Registration of Businesses in the United States

By: Joseph J. Wielebinski

Mar 30, 2009

I. Introduction

It is very important for every professional that becomes involved in asset tracing and recovery in the United States (“U.S.”) to have a general familiarity with certain aspects of business registration, including: the various business entities that are recognized in the U.S.; the process for registering those business entities; the various governmental departments that keep corporate records; the process of how these files can be accessed; and the public disclosure of such records. This article therefore provides a brief overview of these aspects of business registration. 

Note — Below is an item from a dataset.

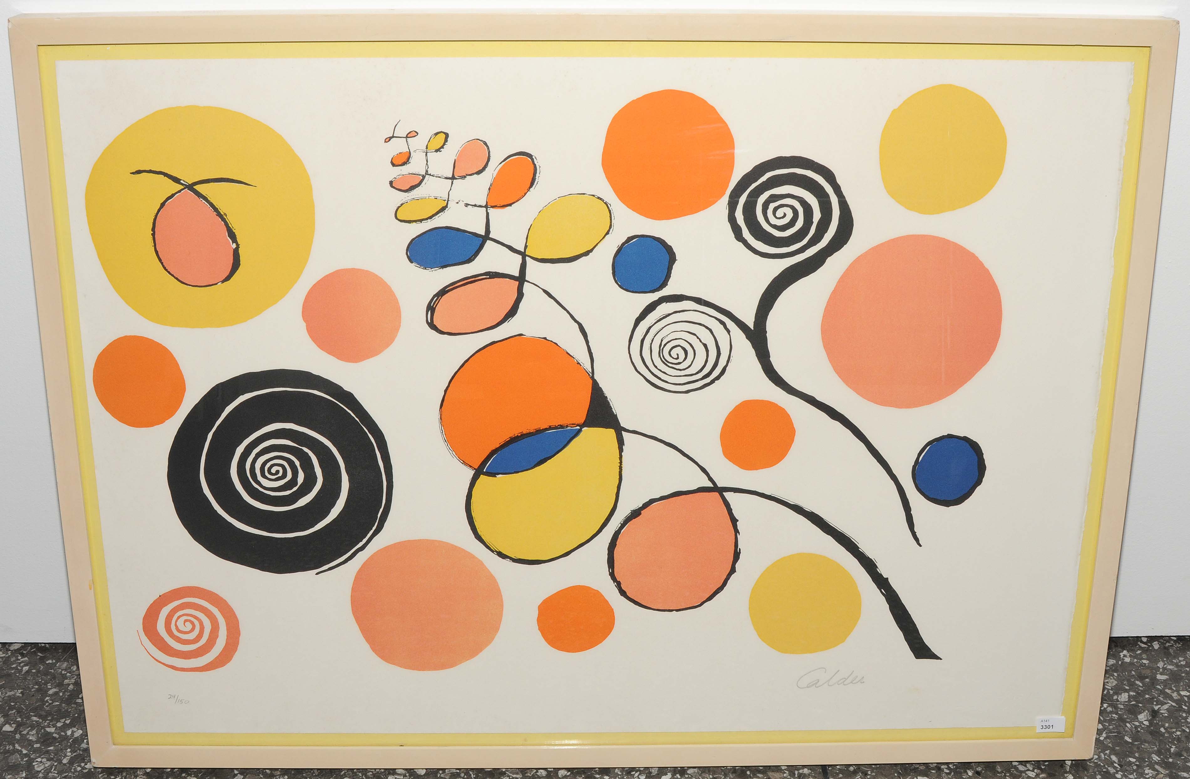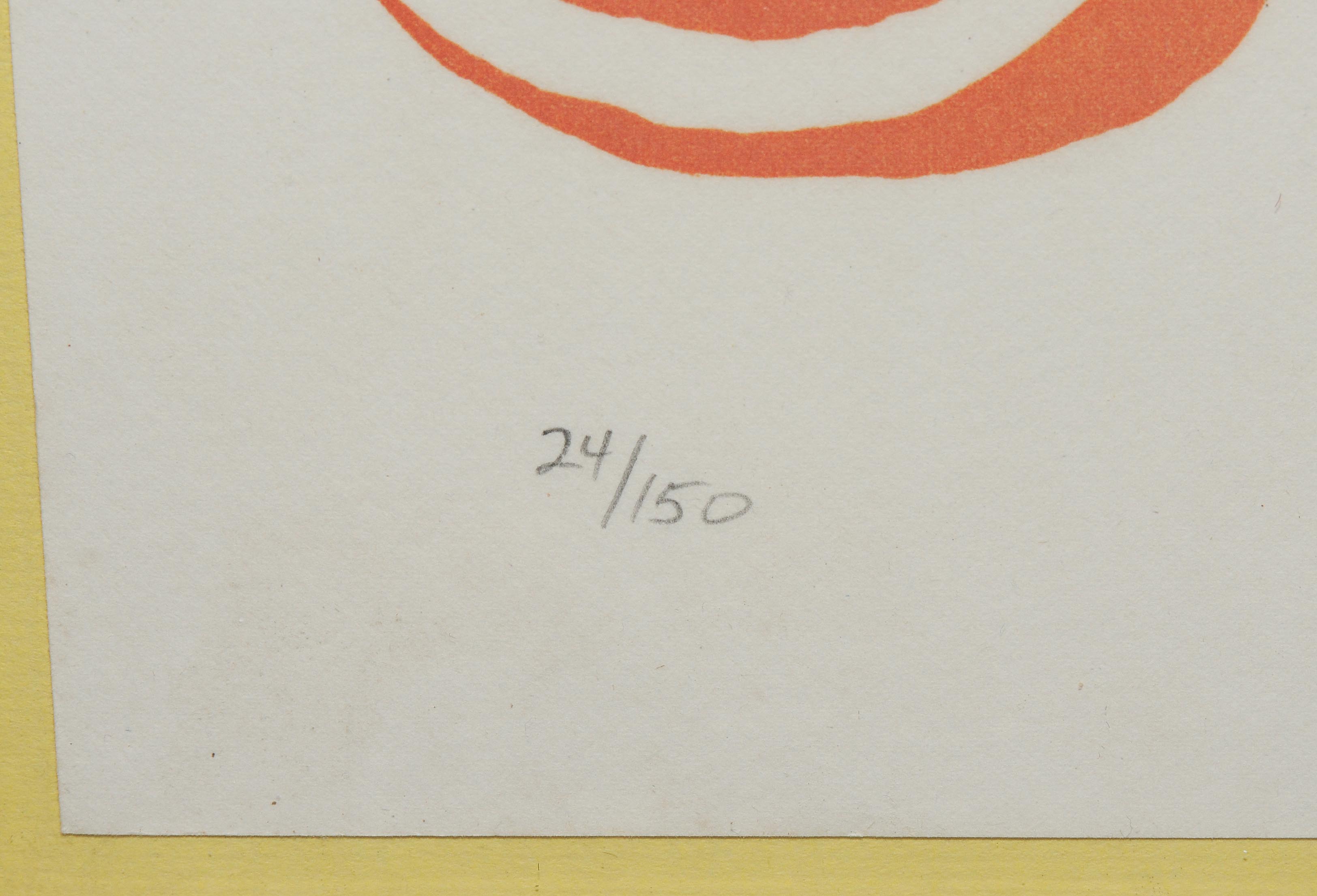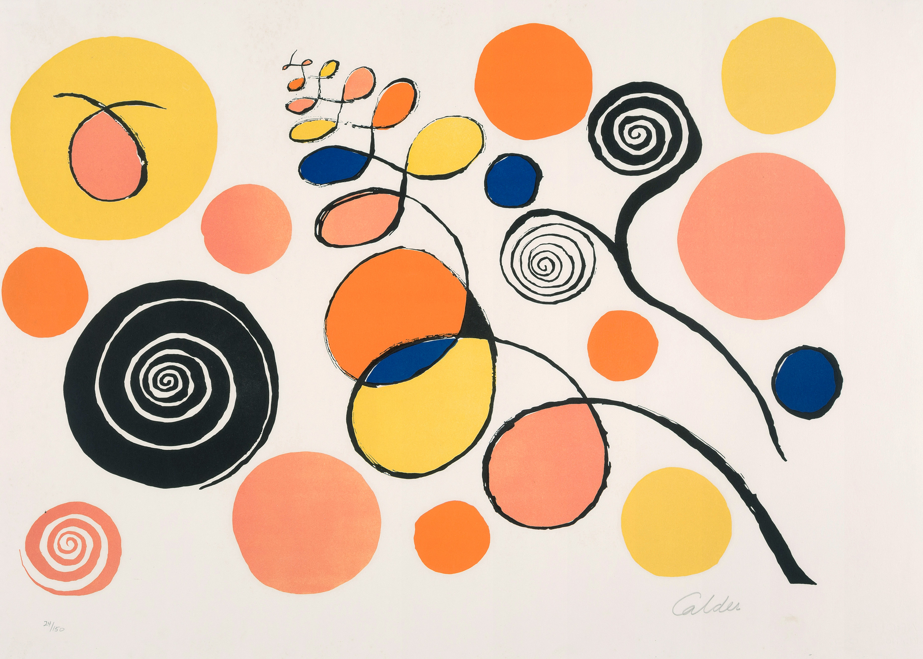 Spiralen und Kreise. Farblithographie auf Arches. 24/150. Unten rechts in Bleistift signiert. Blattgrösse 60x85 cm. Gerahmt. -Blatt minimst gebräunt und fleckig. Ränder und Ecken leicht bestossen. Verso am oberen Rand partiell an Rückkarton montiert.

II. Classification and Types of Businesses


A corporation (abbreviated as “Inc.” or “Corp.”) is an organization formed under the authority of a state within the U.S., which acts as an artificial person, carries on business (or other activities), can sue or be sued, and (unless it is non-profit) can issue shares of stock to raise capital. The primary benefit of forming a corporation is that it generally shields owners (in the form of shareholders), management, and employees from liability. An individual, a company, or a government may form a corporation. A corporation can take the form of a public, private (often termed a “closely held corporation”), charitable, or religious corporation. Each form of corporation has certain benefits exclusive to it.


A partnership is a business enterprise entered into for profit and is owned by more than one person, each of whom is a “partner.” It may be created by a formal written agreement, an oral agreement, or just a handshake. Each partner invests a certain amount of capital, establishes an agreed-upon percentage of ownership, is responsible for all its debts and contracts (even when another partner created the debt or entered into the contract), shares in the management decisions, and shares in the profits and losses according to his percentage of the total investment or ownership.